• Exercise requirements: Would you print, word for word, only the lines running from the line with "オンライン勉強会』のお知らせをいたします! 『かものばしサロン』では、毎週月曜日の夜9 […]" to the last line of the entries, without the pictures?

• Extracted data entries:
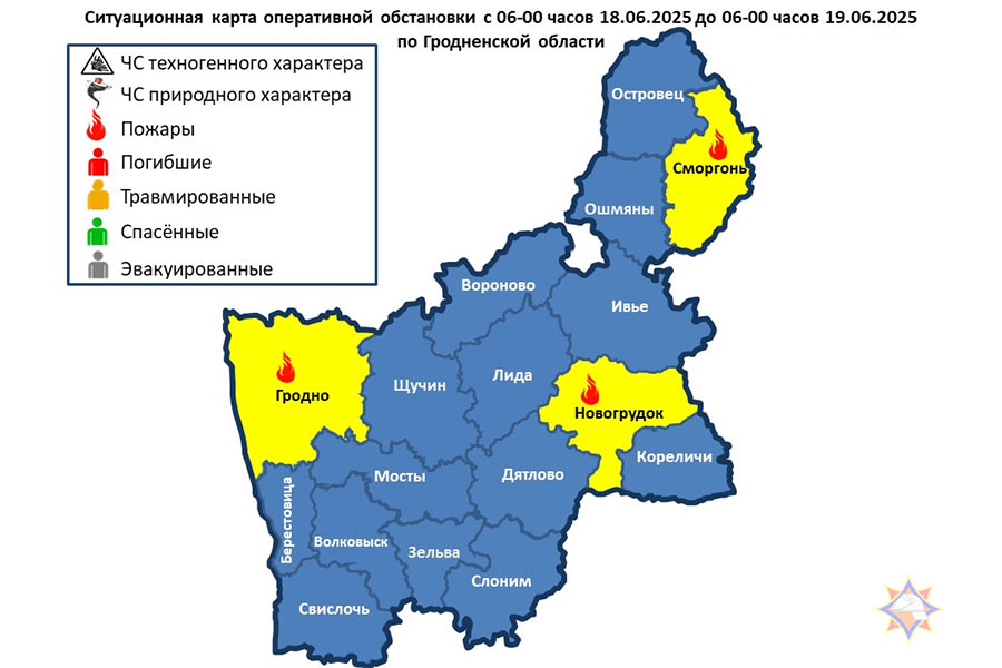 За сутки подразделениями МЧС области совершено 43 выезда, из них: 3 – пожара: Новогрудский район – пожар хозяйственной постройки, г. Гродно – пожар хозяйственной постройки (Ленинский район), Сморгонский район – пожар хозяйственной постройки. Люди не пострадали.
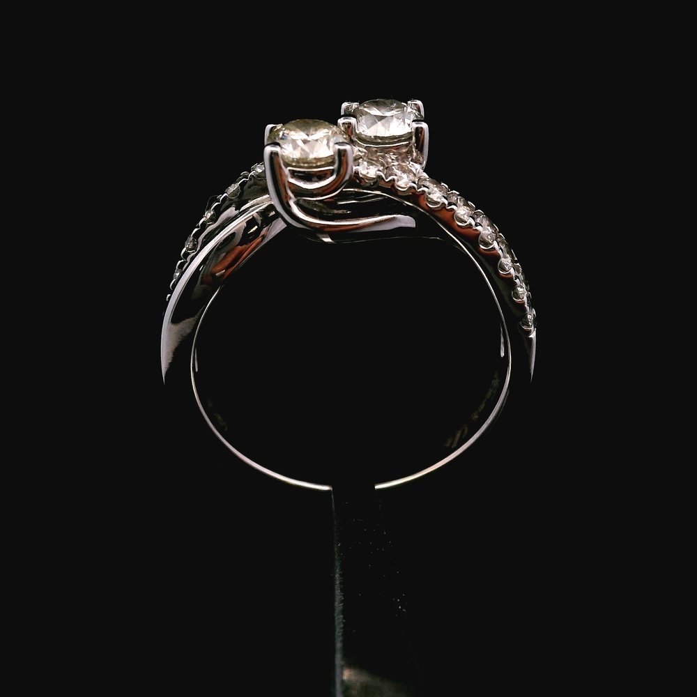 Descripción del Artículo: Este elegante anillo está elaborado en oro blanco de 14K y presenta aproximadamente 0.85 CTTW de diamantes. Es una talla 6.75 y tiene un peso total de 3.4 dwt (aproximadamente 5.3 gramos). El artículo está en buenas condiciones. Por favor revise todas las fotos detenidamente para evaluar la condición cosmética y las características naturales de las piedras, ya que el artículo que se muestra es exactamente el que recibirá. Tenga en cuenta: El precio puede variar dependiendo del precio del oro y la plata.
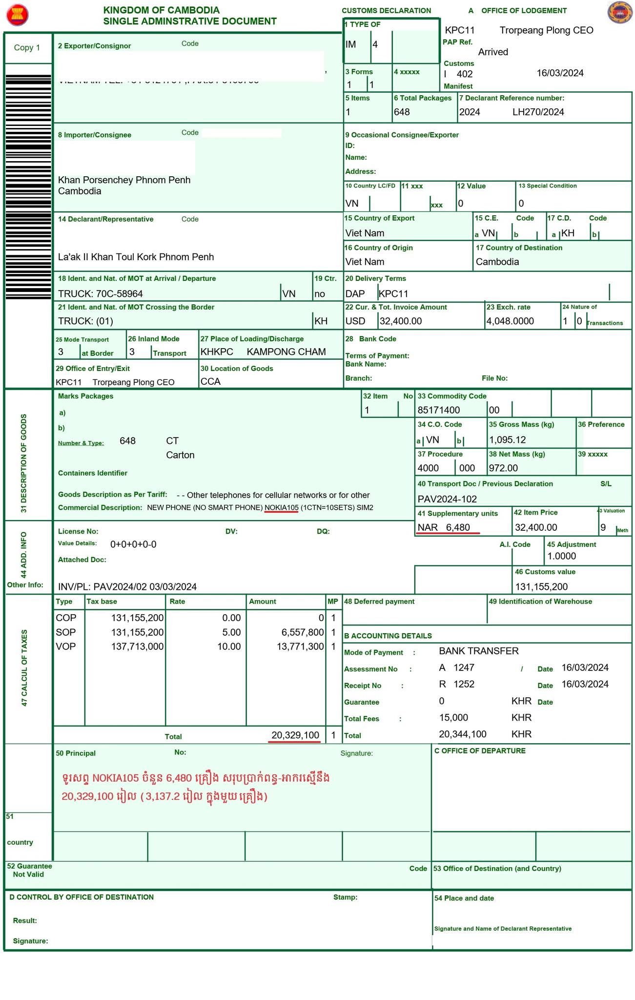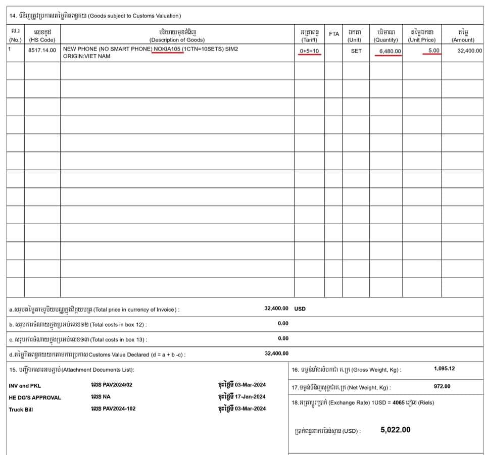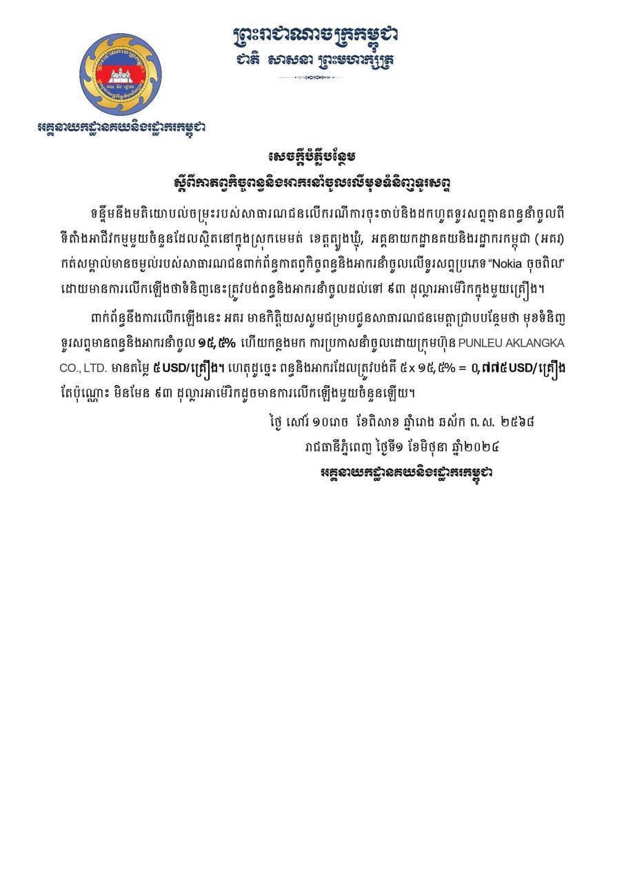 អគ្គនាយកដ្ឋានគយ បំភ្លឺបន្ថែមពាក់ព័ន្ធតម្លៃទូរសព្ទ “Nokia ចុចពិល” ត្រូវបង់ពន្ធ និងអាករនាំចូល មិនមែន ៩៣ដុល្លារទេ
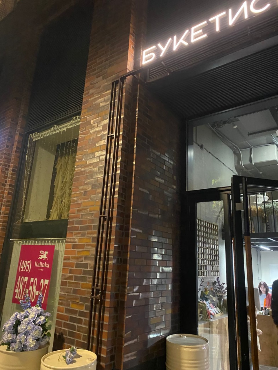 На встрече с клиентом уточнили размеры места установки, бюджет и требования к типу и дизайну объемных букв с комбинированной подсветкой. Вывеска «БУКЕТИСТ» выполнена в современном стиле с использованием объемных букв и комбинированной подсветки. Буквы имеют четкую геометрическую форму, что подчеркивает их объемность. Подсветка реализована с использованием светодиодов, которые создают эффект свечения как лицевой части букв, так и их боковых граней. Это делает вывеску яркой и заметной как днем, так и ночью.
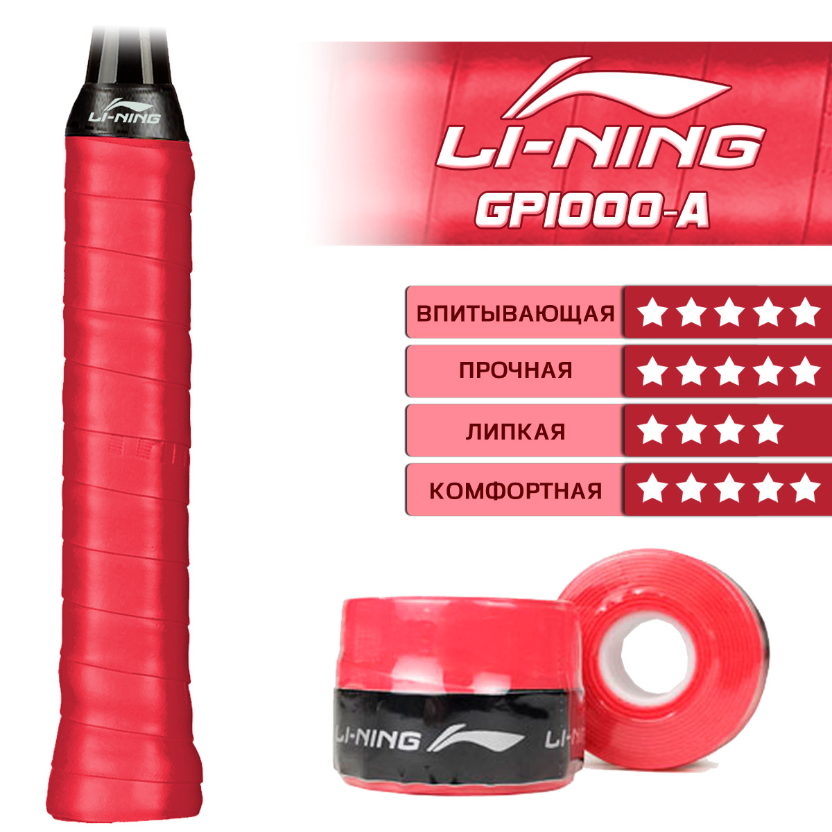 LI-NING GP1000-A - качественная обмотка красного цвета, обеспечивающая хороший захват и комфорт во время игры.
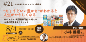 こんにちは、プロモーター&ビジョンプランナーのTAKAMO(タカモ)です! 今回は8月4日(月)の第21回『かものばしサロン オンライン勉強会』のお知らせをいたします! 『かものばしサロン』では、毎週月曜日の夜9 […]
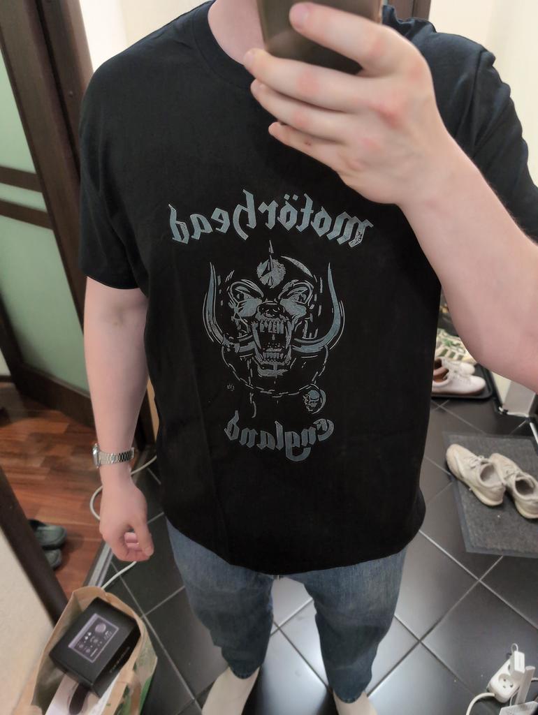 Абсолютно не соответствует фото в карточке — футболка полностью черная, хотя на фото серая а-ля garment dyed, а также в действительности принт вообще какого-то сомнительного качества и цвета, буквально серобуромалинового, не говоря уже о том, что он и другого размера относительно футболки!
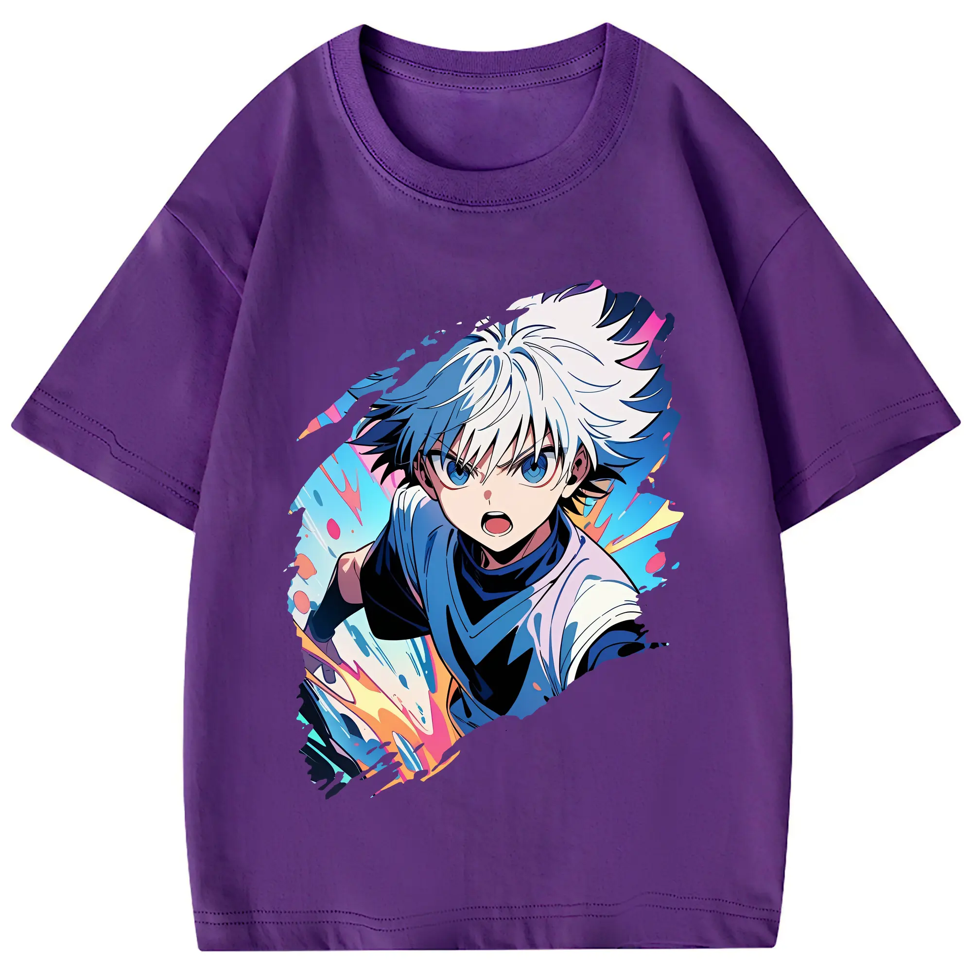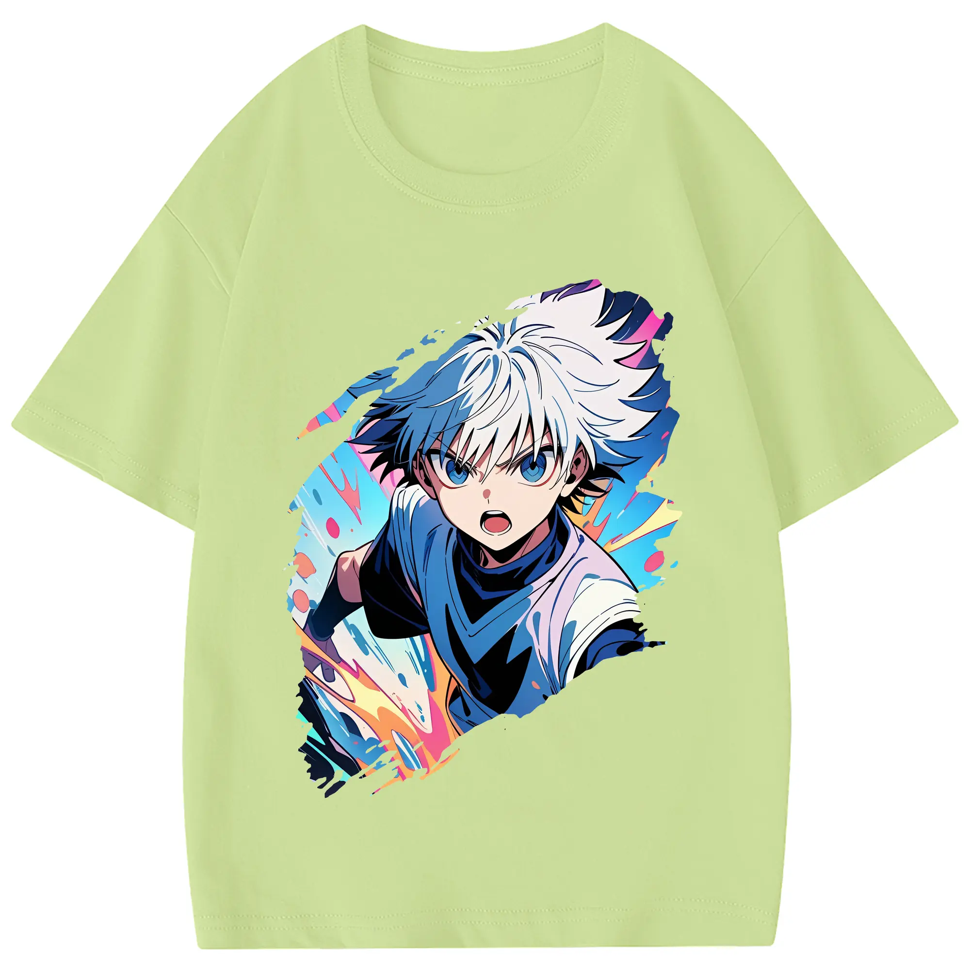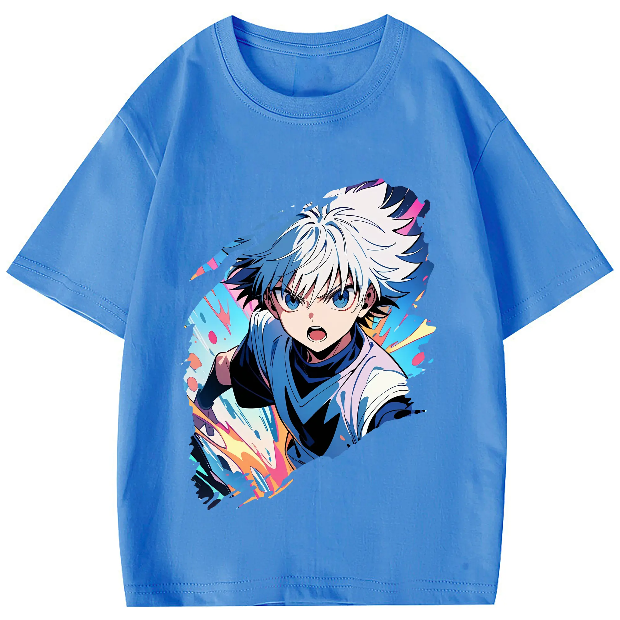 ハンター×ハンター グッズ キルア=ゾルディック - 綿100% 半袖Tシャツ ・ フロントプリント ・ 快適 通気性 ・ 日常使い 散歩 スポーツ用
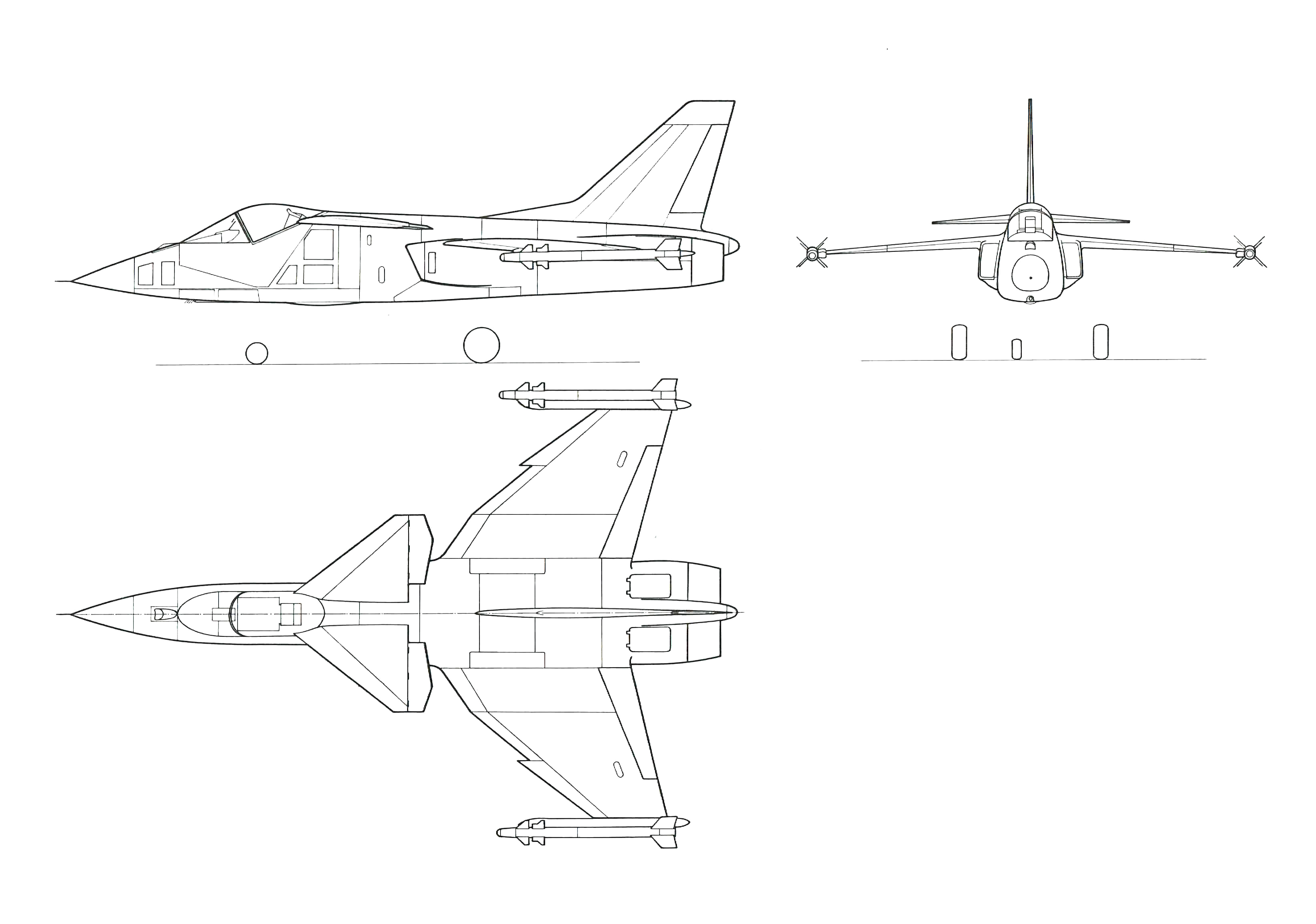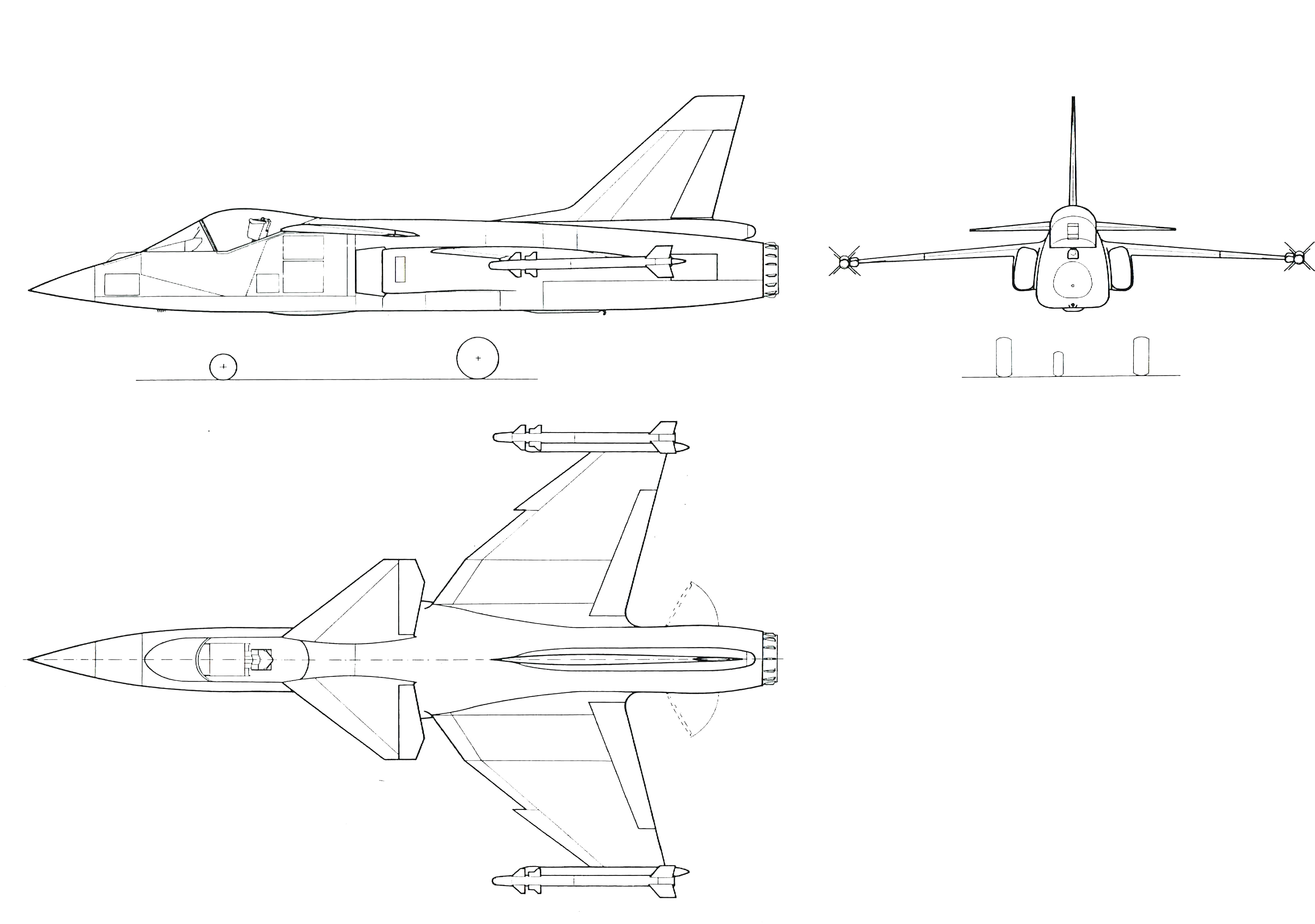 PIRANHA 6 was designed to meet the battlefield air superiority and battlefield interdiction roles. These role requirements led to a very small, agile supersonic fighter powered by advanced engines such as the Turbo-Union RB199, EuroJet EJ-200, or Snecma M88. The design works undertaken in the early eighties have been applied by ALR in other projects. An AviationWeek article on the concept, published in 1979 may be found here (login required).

• Exercise result:
 こんにちは、プロモーター&ビジョンプランナーのTAKAMO(タカモ)です! 今回は8月4日(月)の第21回『かものばしサロン オンライン勉強会』のお知らせをいたします! 『かものばしサロン』では、毎週月曜日の夜9 […]
 Абсолютно не соответствует фото в карточке — футболка полностью черная, хотя на фото серая а-ля garment dyed, а также в действительности принт вообще какого-то сомнительного качества и цвета, буквально серобуромалинового, не говоря уже о том, что он и другого размера относительно футболки!
 ハンター×ハンター グッズ キルア=ゾルディック - 綿100% 半袖Tシャツ ・ フロントプリント ・ 快適 通気性 ・ 日常使い 散歩 スポーツ用
 PIRANHA 6 was designed to meet the battlefield air superiority and battlefield interdiction roles. These role requirements led to a very small, agile supersonic fighter powered by advanced engines such as the Turbo-Union RB199, EuroJet EJ-200, or Snecma M88. The design works undertaken in the early eighties have been applied by ALR in other projects. An AviationWeek article on the concept, published in 1979 may be found here (login required).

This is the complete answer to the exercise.